There are parts of it that are abrasive, I would say, compared to her other work. I love reverb-y, boomy, ’80s drums. I love that shit. I think it’s so satisfying. There’s a lot of Thomas Dolby doing things in the background, so maybe people are… I don’t know. It’s a little more bold. I don’t think it’s more genius than her other records, but the soundscape is more angular. This record has a lot of tones that remind me of the Pretenders or Tune-Yards or something. [Laughs.] People are like, “Oh, I want her to croon and sing those really high butterfly notes.”



Exactly. 

Joni Mitchell has said before that she considers herself a painter first and a songwriter second, which is really interesting because everybody’s decided what she is to music. But if you [consider] her own mindset, this is just another medium that she’s trying on for size. Working with those synthesizers was just another way for her to express her humanity. She was such a huge part of that late ’60s/early ’70s movement in music: being political or whatever. People just really ascribe a certain “siren of the hippies” role to her, whereas this album feels like a sad, middle-aged woman in a business suit. She can contain multitudes—that’s a thing. 

This album came out one month after Kate Bush’s Hounds of Love. There are a lot of sonic similarities, including the use of the Fairlight synthesizer. I feel like they are sister albums.  

Wow, that’s wild! Not to reduce it all to feminism, but I think it’s just fucking cool that they were getting in the studio with all these bros and being like, “I just want to try this.” I guess it was kind of contentious between Joni and Thomas Dolby, who then later was like, “Ooh, I think I was being kind of a dick.” Any movement a woman makes outside of her assigned role can annoy people, can ruffle feathers. 

It seems like there’s a lot of weight placed on artists who come out of the gate so strong and have this very particular vibe that people resonate with. It’s hard for people to detach themselves from that and let them do their thing. 

It would be also naive to expect that every album of hers would be like that. I don’t think this is her best album, but I think it’s important for artists to experiment and grow—and have growing pains. You’re gonna hear their growth through their catalog. That’s just their nature. We still frame Rembrandt’s sketches. 

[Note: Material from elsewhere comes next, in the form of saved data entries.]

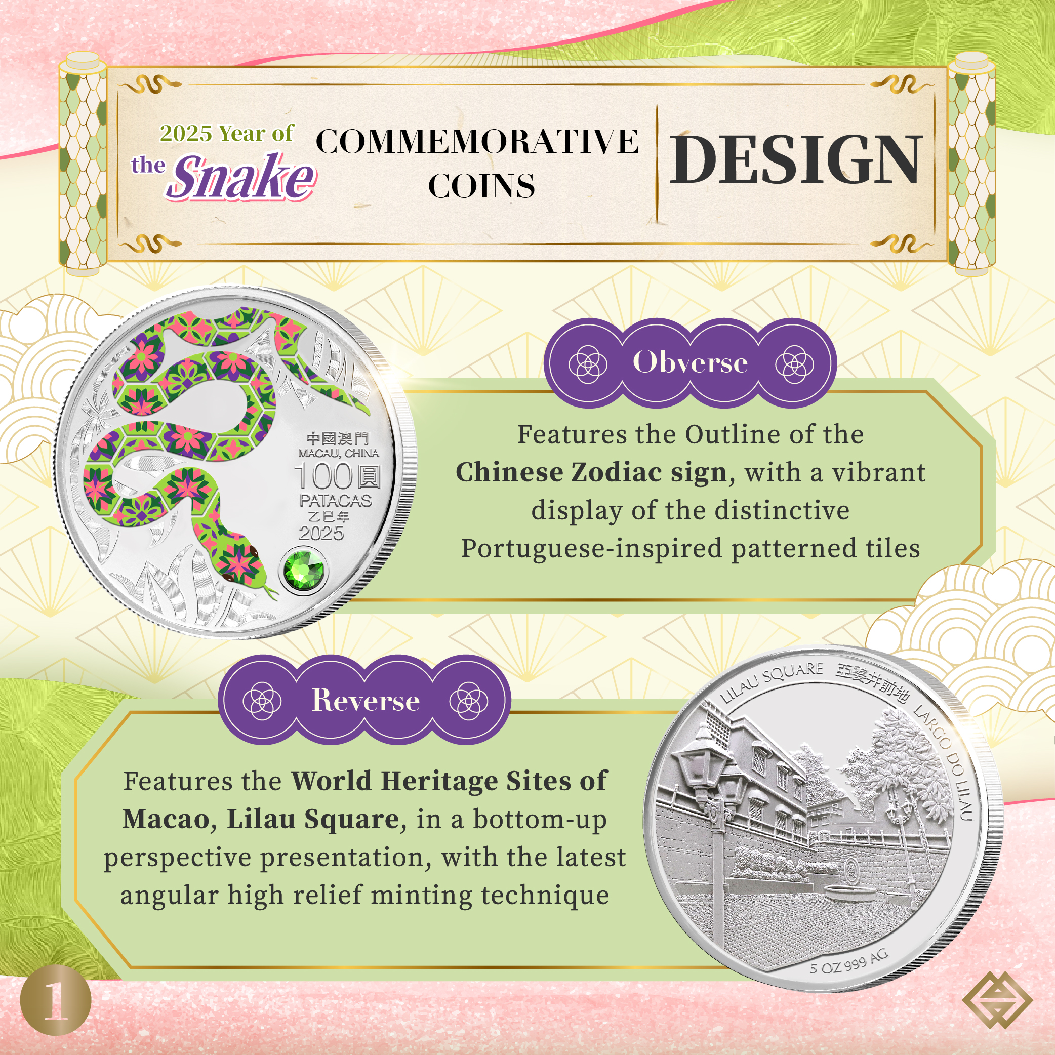 The Snake commemorative coins comprise a 1 oz Silver Proof Coin, a 5 oz Silver Proof Coin and a 0.5 oz Gold Proof Coin. In the event of oversubscription, the allotment for each type of commemorative coins will be determined by computer balloting. The ballot results will be communicated via SMS messages on 2 August 2024. Subscribers can also browse the ballot results on the webpage of AMCM from that day onwards (https://registration.amcm.gov.mo/COCSCollection/terms_pt.html).
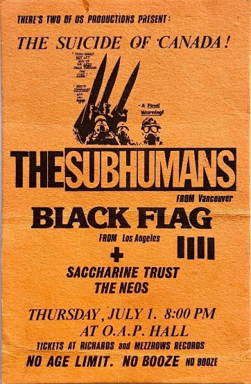 - 09/02/1980; Concert at Smilin' Buddha, Vancouver, BC, Canada. opening for Rabid, with Blackheads.
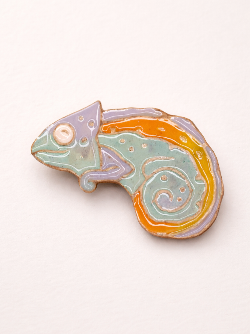 Брошь ручной работы «Хамелеон», Partala ceramics
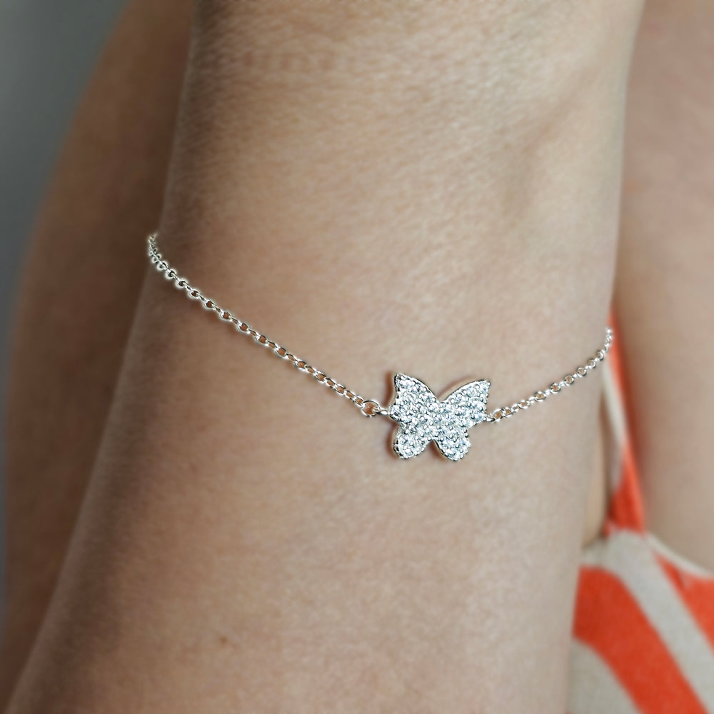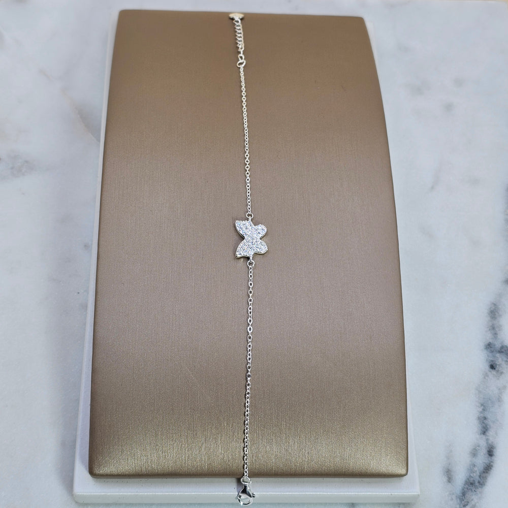 Pulsera de plata 925 con delicada cadena y colgante de mariposa, finamente adornado con brillantes circones que aportan un destello elegante y femenino. Una joya delicada y sofisticada, ideal para realzar cualquier look con un toque de luz y encanto.
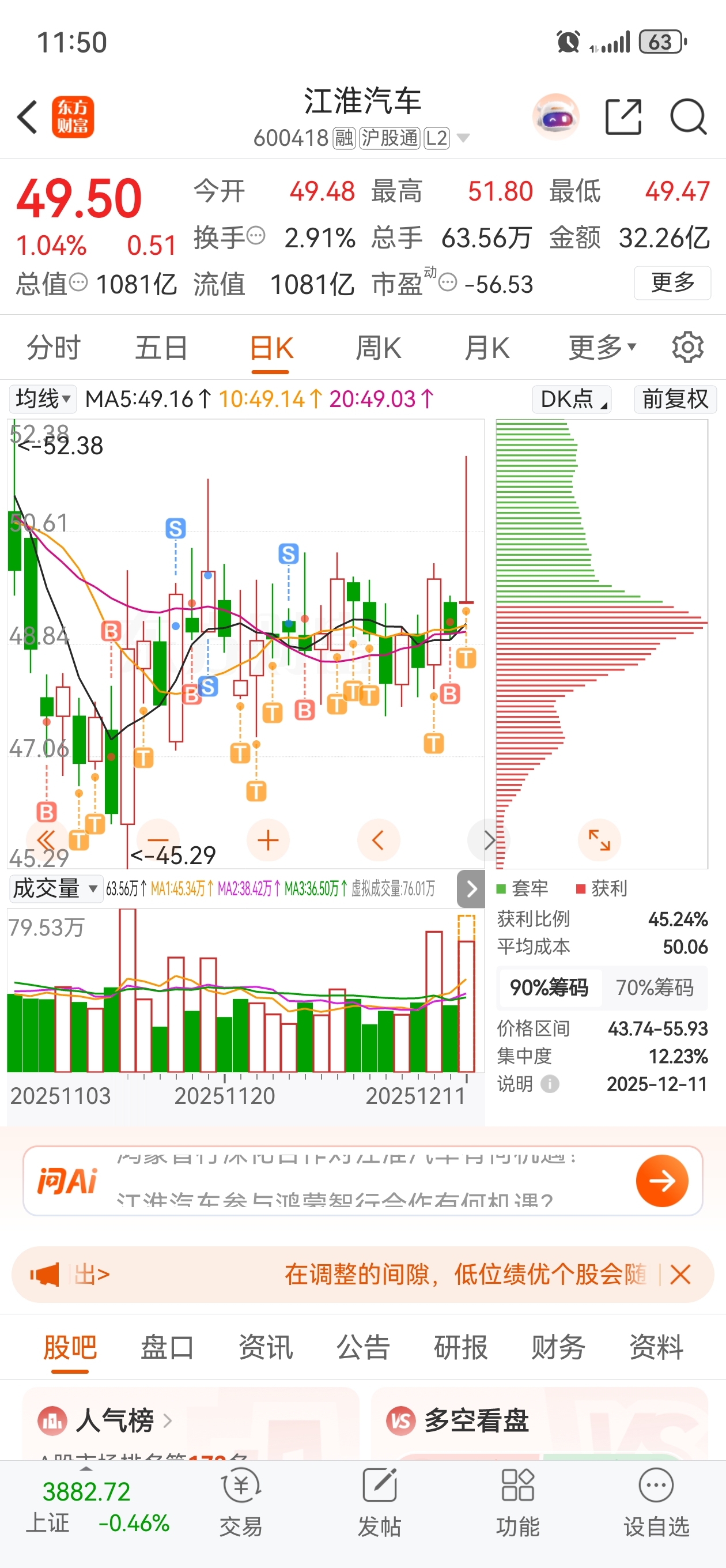 $江淮汽车(SH600418)$ 每天T个五毛钱就行

I know that Dog Eat Dog specifically influenced your new album. How so? 

Those echo-y, wet drum sounds—and just being really synth-based too. It wasn’t on purpose. It wasn’t like, “I’m gonna do this too!” But she didn’t play guitar on the album, and I only play guitar on one song on this album. I typically play guitar on every song, but I sort of wanted to escape that and just do piano and synth. There’s been a lot of returning to Joni Mitchell surrounding this album. I finished the album and sent it to my close friend Jenn Wasner [Wye Oak, Bon Iver]—we used to live together. A day later, she’s like, “Dude, this is totally your Dog Eat Dog moment.” Maybe those people who wrote those bad reviews would take that as an insult, but I was like, “Oh, my god. Thank you!”